The bridges themselves are, according to all observations, also made of glass, though glass could never possibly withstand the sort of stress these bridges do—even their own weight should be too much for them, suspended as they are with nothing for support. There are no rails or handholds, just the drop, and at the bottom, kilometers down, a cluster of thick-walled tubes, each one just a meter and a half wide, empty and smooth-walled. These are made of the same material as the bridges. No one knows what the bridges and the tubes beneath them were for, or who built them. They were here when humans first colonized Nilt.
Theories abound, each one less likely than the one before. Inter-dimensional beings feature prominently in many of them—these either created or shaped humanity for its own purposes, or left a message for humans to decipher for obscure reasons of their own. Or they were evil, bent on destruction of all life. The bridges were, somehow, part of their plan.
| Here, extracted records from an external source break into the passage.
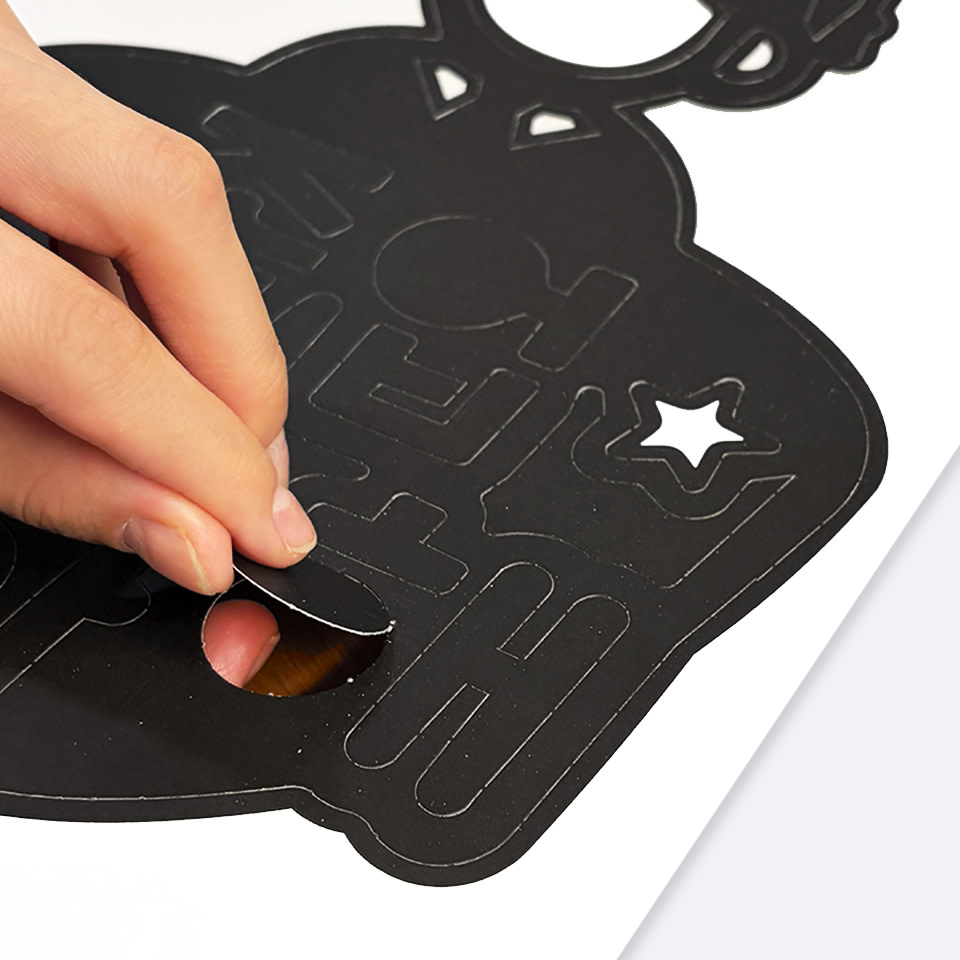 - 떼어낸 도안을 코팅지에 붙입니다. (검은색 테두리가 끈적이는 면에 붙도록 해 주세요.)
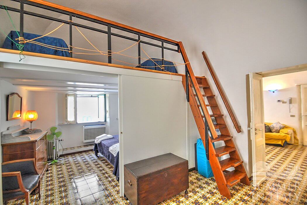 It is in a quiet place, inset as it is among the alleys and stairways of the ancient burg. The place is comfortable as well, since with a short walk you will be able to reach the main road or the sea.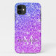 Funda De Case-Mate Para iPhone Monograma del Purpurina morado y rosado Girona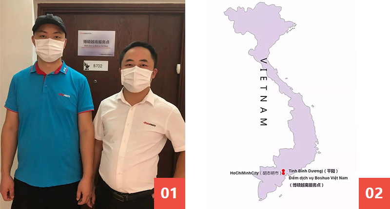 ?? gi?i quy?t s? xa x?i c?a vùng mi?n, rào c?n ng?n ng?, yêu c?u v? k? n?ng s?n xu?t lành ngh? và d?ch v? sau bán hàng k?p th?i, Boshuo ?? thành l?p “?i?m d?ch v? Boshuo Vi?t Nam” t?i Vi?t Nam.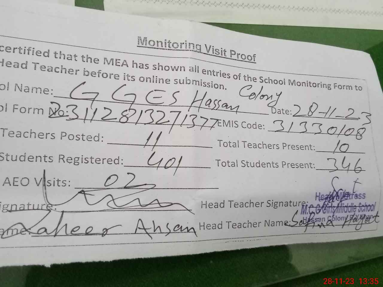 | Attendance Register | Head Teacher | MEA with School | Visit Proof |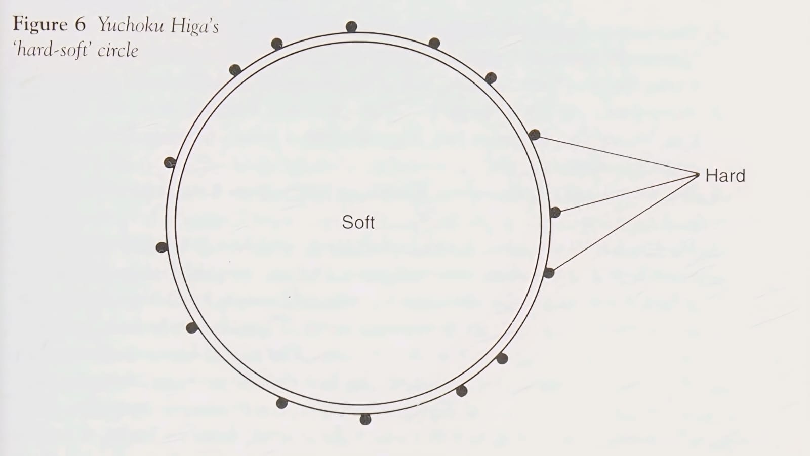 El Shorin-ryu, me dijo Higa, "fue bautizado originalmente por Anko Itosu, no por Choshin Chibana, y es un estilo natural, como caminar por una carretera". Describió su karate como "suave", explicando que el "duro" está bien para los jóvenes, pero no para los de edad madura. En realidad, continuó diciendo, "lo blando contiene lo duro y se representa mediante un círculo con puntos alrededor de la circunferencia; el círculo representa lo "blando", los puntos son lo "duro"; éste es el principio que subyace en todas las artes marciales".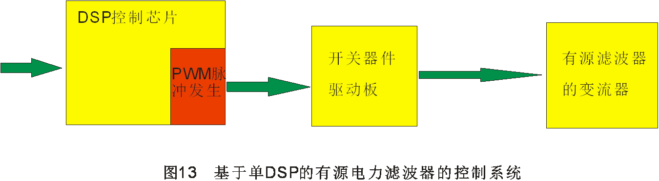 我們可以選擇不同的數(shù)字控制系統(tǒng)來實現(xiàn)。通常的控制系統(tǒng)一般有基于單數(shù)字信號處理芯片的帶有PWM信號的控制系統(tǒng),即如圖13所示的控制系統(tǒng)。由于DSP本身帶有PWM脈沖產(chǎn)生部分,因此采用單片的DSP就可以實現(xiàn)有源電力濾波器的控制系統(tǒng)。

Another whole subfield claims the bridges were built by humans—some ancient, long-lost, fantastically advanced civilization that either died out (slowly, pathetically; or spectacularly as the result of some catastrophic mistake) or moved on to a higher level of existence. Advocates of this sort of theory often make the additional claim that Nilt is, in reality, the birthplace of humans. Nearly everywhere I’ve been, popular wisdom has it that the location of humanity’s original planet is unknown, mysterious. In fact it isn’t, as anyone who troubles to read on the subject will discover, but it is very, very, very far away from nearly anywhere, and not a tremendously interesting place. Or at the very least, not nearly as interesting as the enchanting idea that your people are not newcomers to their homes but in fact only recolonized the place they had belonged from the beginning of time. One meets this claim anywhere one finds a remotely human-habitable planet.
The bridge outside Therrod wasn’t much of a tourist attraction. Most of the jewel-bright arabesques of glass had shattered over thousands of years, leaving it nearly plain. And Therrod is still too far north for non-Nilters to endure comfortably. Offworld visitors generally confine themselves to the better-preserved bridges on the equator, buy a bov-hair blanket guaranteed hand-spun and handwoven by masters of the craft in the unbearably cold reaches of the world (though these are almost certainly turned out on machines, by the dozen, a few kilometers from the gift shop), choke down a few fetid swallows of fermented milk, and return home to regale their friends and associates with tales of their adventure.
All this I learned within a few minutes of knowing I would need to visit Nilt to achieve my aim.
Therrod sat on a broad river, chunks of green-and-white ice bobbing and crashing in its current, the first boats of the season already moored at the docks. On the opposite side of the city, the dark slash of the bridge’s huge trough made a definitive stop to the straggling edge of houses. The southern edge of the city was flier-parks, then a wide complex of blue-and-yellow-painted buildings that was, by the look of it, a medical facility, one that must have been the largest of its kind in the area. It was surrounded by squares of lodgings and food shops, and swaths of houses, bright pink, orange, yellow, red, in stripes and zigzags and crosshatches.
We had flown half the day. I might have flown all night, I was capable of it, though it would have been unpleasant. But I saw no need for haste. I set down in the first empty space I found, told Seivarden curtly to get out, and did so myself. I shouldered my pack, paid the parking fee, disabled the flier as I had at Strigan’s, and set off toward the city, not looking to see if Seivarden followed.